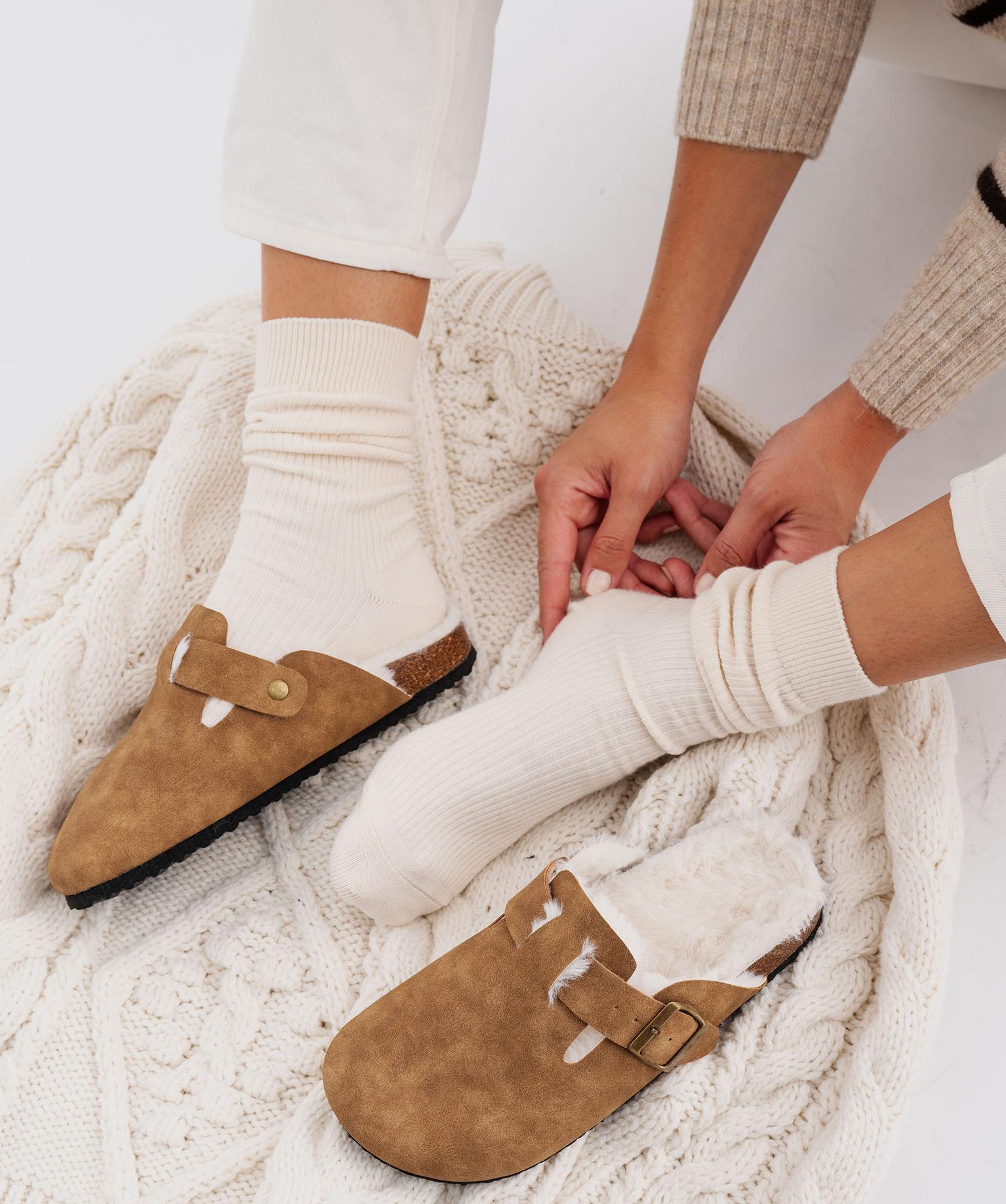 Redécouvrez les sabots en version douillette avec ce modèle fourré ! Les sabots femme parfaits pour des journées cocooning ou les soirées au coin du feu. Le dessus est en suédine douce, rehaussée d'une boucle de réglage en métal vieilli. L'intérieur est en fourrure imitation longue, duveteuse et chaude. Le bout est bien large pour laisser toute la place nécessaire aux orteils !
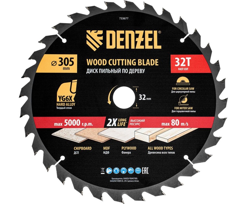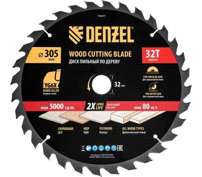 DENZEL Пильный диск по дереву ф305 х 32 мм, 32 зубьев 733677
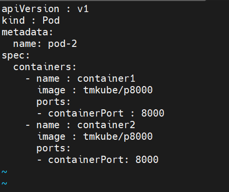 먼저 두 개의 컨테이너(8000번, 8080번 포트)를 가진 Pod를 만들어 봅시다.
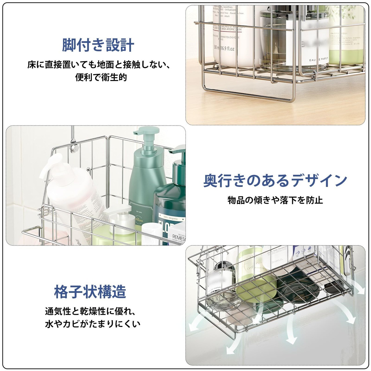 【幅広い用途】このステンレス バスケットは、吊り下げ棒があるあらゆる場所に適しています。脚が付いているので、床に置いても使用可能。床に置いたときに底が直接床に触れない形なので、汚れがたまりにくい。 洗面所にフックをかけるスペースがなくても、床に直接置いて使うことができます。バスルームだけでなく、ランドリールームで洗剤や柔軟剤、洗濯ネットなどをすっきり収納できるランドリーバスケットとしても便利に使えます。また、ベランダに置いて、掃除用具や洗濯ばさみなどを収納することもできます。ご家庭のさまざまな場所に適しています。日常使いにとても便利です。注:ご購入前にバーの長さが30cm以上であることをご確認ください。
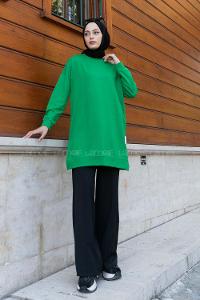 Green-1 Crew Neck Cotton Two Threads Unprinted Tunic
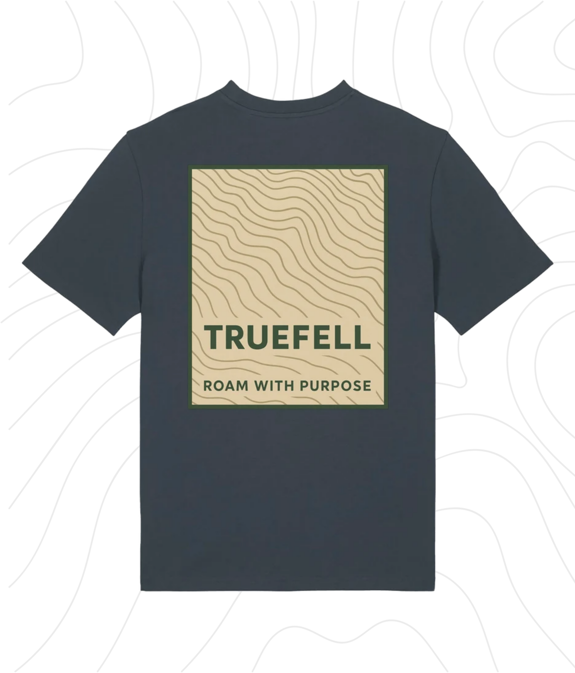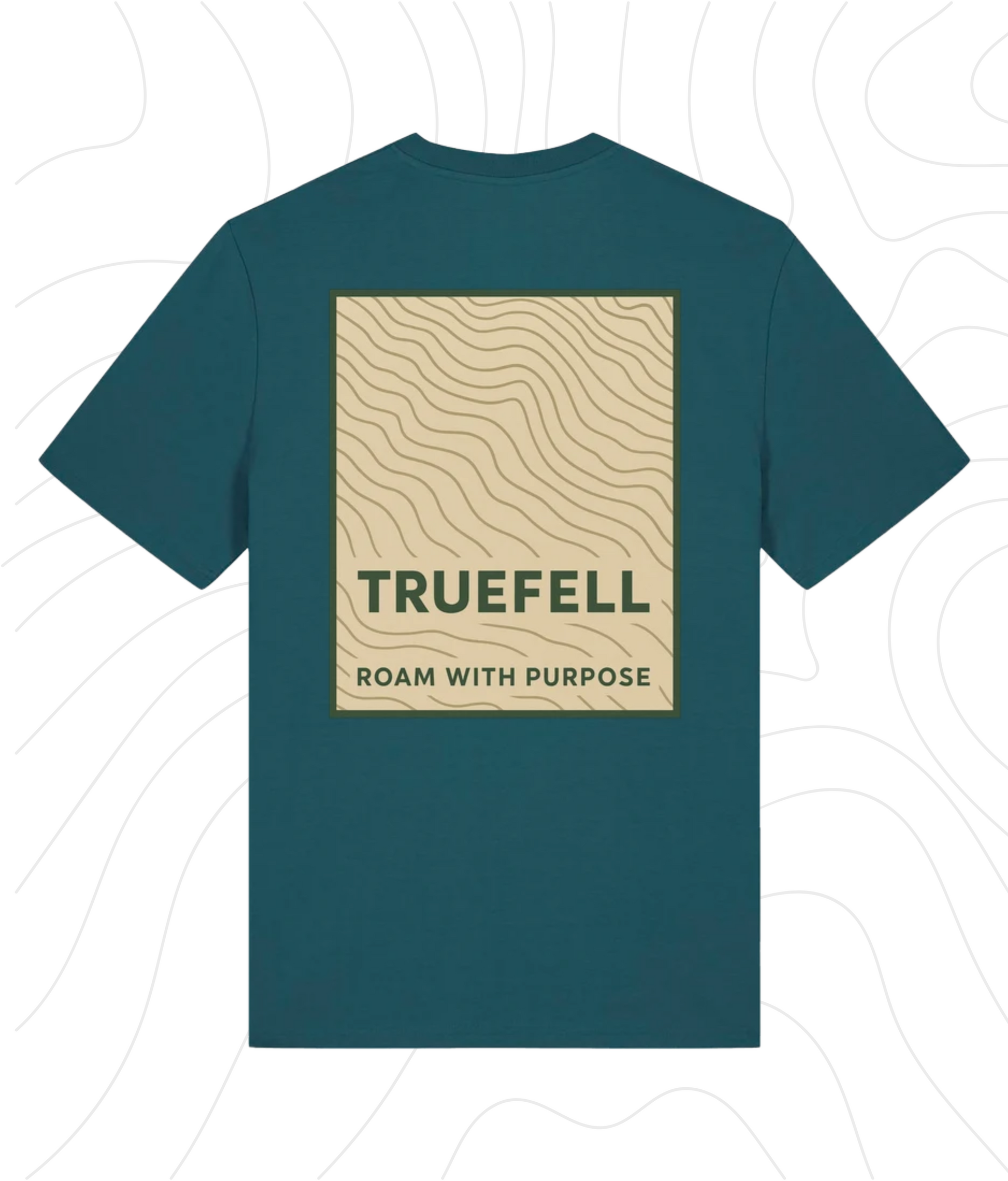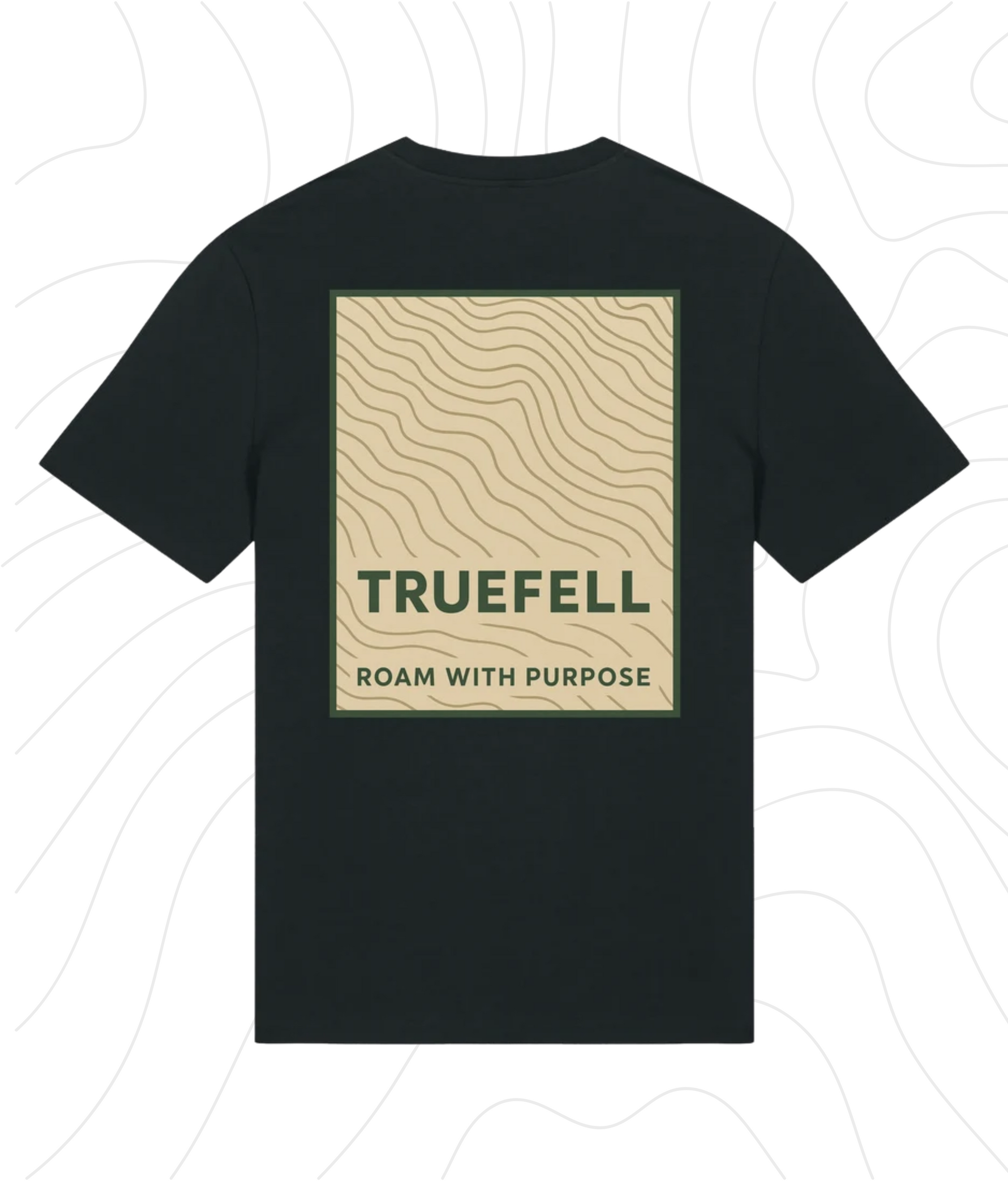 The Contour White T-Shirt features a full back print of hand-drawn contour lines in Earthstone Beige, framed in Forest Green and set with the TRUEFELL wordmark and guiding phrase: Roam with Purpose. On the chest, the trailhead triangle and brand logo appear in White and Bracken Rus designed for subtle clarity on deeper-toned cotton.
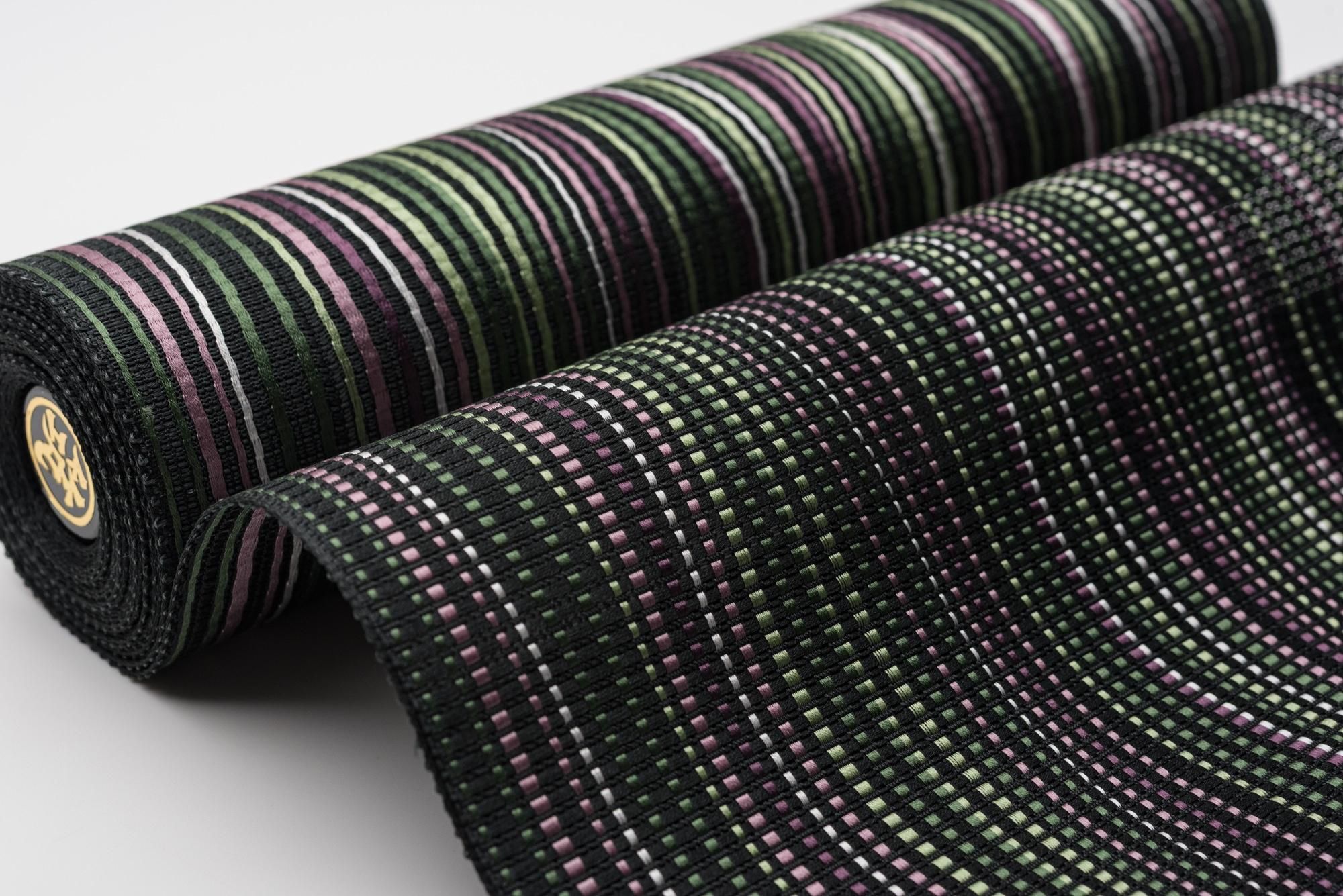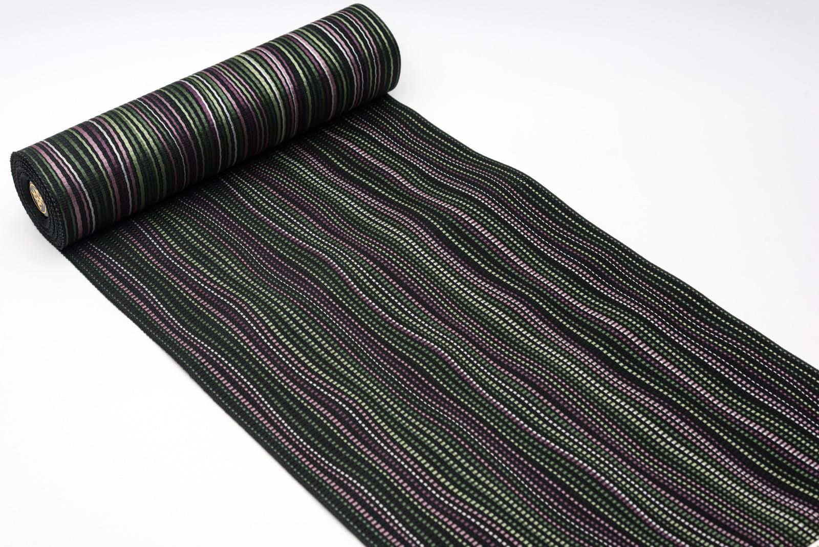 黒地に細いよろけ縞模様が浮かぶ博多紋八寸名古屋帯です。
- - - - - - -
## [PROBLEM DESCRIPTION]
A faithful copy of all the entries is required, pictures excluded.

## [TASK SOLUTION]
 Redécouvrez les sabots en version douillette avec ce modèle fourré ! Les sabots femme parfaits pour des journées cocooning ou les soirées au coin du feu. Le dessus est en suédine douce, rehaussée d'une boucle de réglage en métal vieilli. L'intérieur est en fourrure imitation longue, duveteuse et chaude. Le bout est bien large pour laisser toute la place nécessaire aux orteils !
 DENZEL Пильный диск по дереву ф305 х 32 мм, 32 зубьев 733677
 먼저 두 개의 컨테이너(8000번, 8080번 포트)를 가진 Pod를 만들어 봅시다.
 【幅広い用途】このステンレス バスケットは、吊り下げ棒があるあらゆる場所に適しています。脚が付いているので、床に置いても使用可能。床に置いたときに底が直接床に触れない形なので、汚れがたまりにくい。 洗面所にフックをかけるスペースがなくても、床に直接置いて使うことができます。バスルームだけでなく、ランドリールームで洗剤や柔軟剤、洗濯ネットなどをすっきり収納できるランドリーバスケットとしても便利に使えます。また、ベランダに置いて、掃除用具や洗濯ばさみなどを収納することもできます。ご家庭のさまざまな場所に適しています。日常使いにとても便利です。注:ご購入前にバーの長さが30cm以上であることをご確認ください。
 Green-1 Crew Neck Cotton Two Threads Unprinted Tunic
 The Contour White T-Shirt features a full back print of hand-drawn contour lines in Earthstone Beige, framed in Forest Green and set with the TRUEFELL wordmark and guiding phrase: Roam with Purpose. On the chest, the trailhead triangle and brand logo appear in White and Bracken Rus designed for subtle clarity on deeper-toned cotton.
 黒地に細いよろけ縞模様が浮かぶ博多紋八寸名古屋帯です。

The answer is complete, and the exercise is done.